Heat shock protein 1 and the mitogen-activated protein kinase 14 pathway are important for mouse trophoblast stem cell differentiation

Quinton A Winger, Jillian Guttormsen, Heather Gavin, Frances Bhushan
Biology of Reproduction 2007, 76 (5): 884-91
Differentiation of trophoblast cells is a critical process for the proper establishment of the placenta and is, therefore, necessary to maintain embryonic development. Trophoblast stem (TS) cells grown in culture can differentiate into different trophoblast subtypes in vitro mimicking normal trophoblast cell differentiation. Therefore, TS cells are a valuable model system that can be used to elucidate genetic factors that regulate trophoblast cell differentiation. Several transcription factors, when analyzed by targeted gene mutation in mice, have resulted in embryonic lethality due to placental defects and, more specifically, defects of the trophoblast lineages. These studies have helped improve our knowledge about trophoblast cell differentiation, but much is still unknown about the specific mechanisms involved. This study uses TS cell culture to detect proteins with differential expression in proliferating and differentiating TS cells in order to identify proteins with potential roles in the differentiation process.
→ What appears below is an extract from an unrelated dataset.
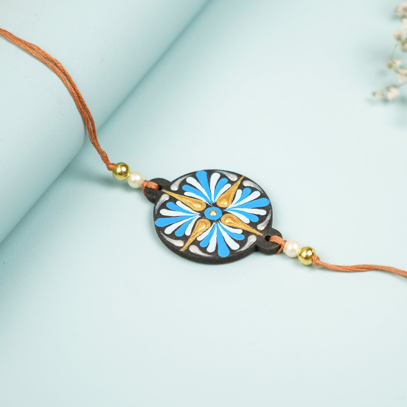 Bring in ethnic elegance with this handcrafted round rakhi for Raksha Bandhan.

We identified four proteins with differential expression: dimethylarginine dimethylaminohydrolase1 (DDAH1), keratin 8, keratin 18, and HSPB1 (also known as heat shock protein 25, HSP25). Further investigation confirmed the presence of HSPB1 protein during in vitro TS cell differentiation. In addition, we confirmed that phosphorylation of HSPB1 and MAP kinase-activated protein kinase 2 (MAPKAPK2) increased in TS cells during differentiation. Inhibition of MAPK14 (also known as p38 MAPK) resulted in a reduction of HSPB1 phosphorylation and an increase in cell death during TS cell differentiation. These results suggest that HSPB1 and the MAPK14 pathway are important during TS cell differentiation.